Of course, editing the Holmes canon down to a one-hour television format necessitates some telescoping and elisions, but the job done by director John Hawkesworth and his team of writers is skilled and sympathetic. At no time have I been irritated by the redactions to Doyle's immortal stories. I now keep my well-worn copy of the Complete Stories on the coffee table in the den, and amuse myself by following along in the text as the show plays. I'm fascinated by the differences between the two, the decisions the writers made in trying to keep faith with Doyle's blueprints.
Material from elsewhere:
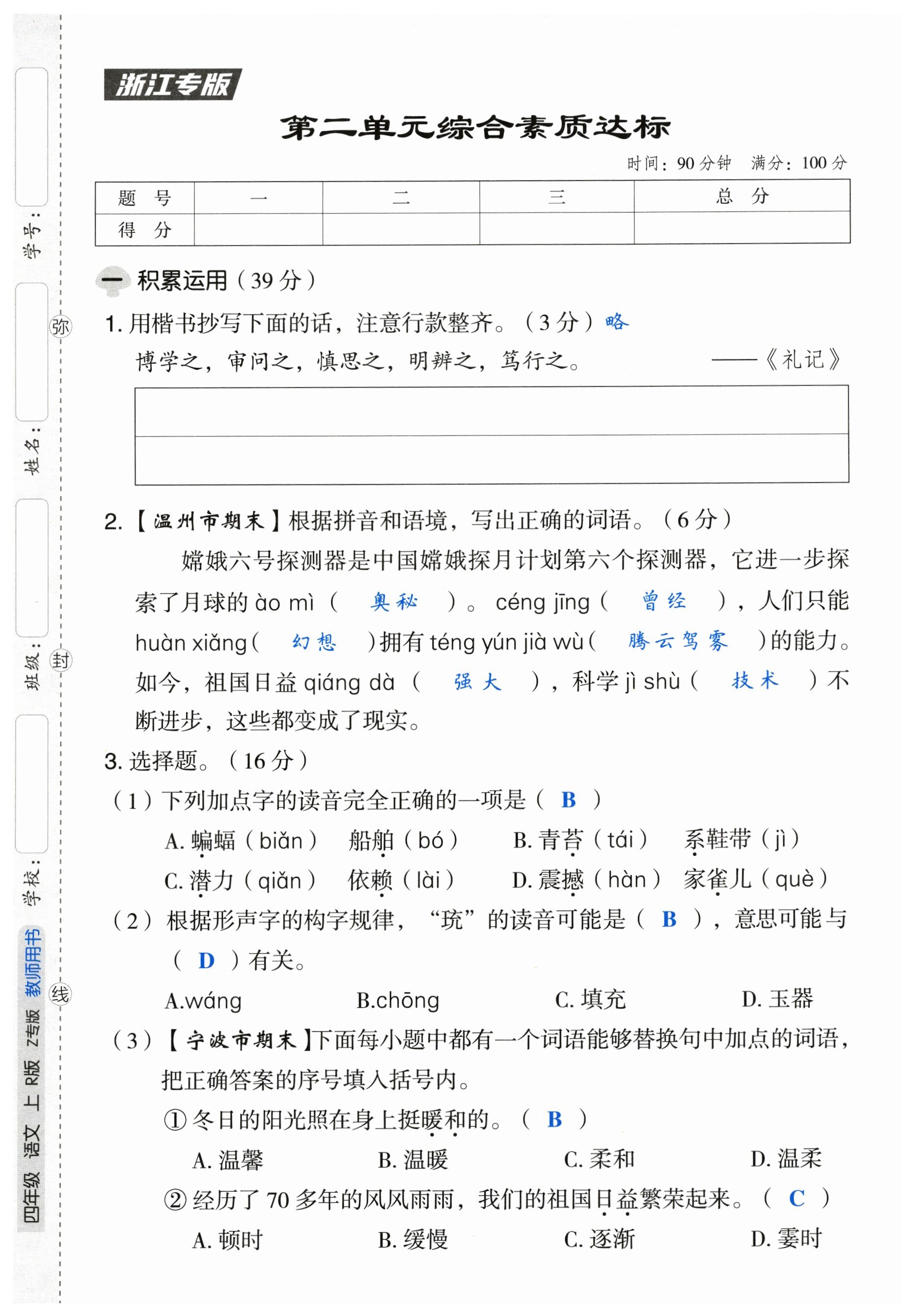 注:目前有些书本章节名称可能整理的还不是很完善,但都是按照顺序排列的,请同学们按照顺序仔细查找。练习册 2024年综合应用创新题典中点四年级语文上册人教版浙江专版 答案主要是用来给同学们做完题方便对答案用的,请勿直接抄袭。

I followed with great interest during "The Adventure of the Naval Treaty"; a speech by Holmes that begins, "There is nothing in which deduction is so necessary as in religion," marks, as far as I remember, the only time that Holmes ever seriously discusses God except in passing, or ever conflates mystery with Mystery. Doyle's version of the dialog fizzles a bit -- it opens a parenthesis in the story that has no real corresponding closing parenthesis. The Hawkesworth passage ends with a bang, leaving no doubt as to the subtext under discussion; Brett's Holmes replaces the rose that has sparked his reverie in its vase and pronounces with great import, "...and I am no magician!" It is, by God, an improvement, and I'll fight anyone who says it ain't.
It's a monumental shame that Brett died in 1994, before the whole Holmes canon could be completed. But Brett's Holmes will forever be the definitive one in my mind. He is precisely the character that Arthur Conan Doyle wrote, the man who enslaved this twelve-year-old boy forever.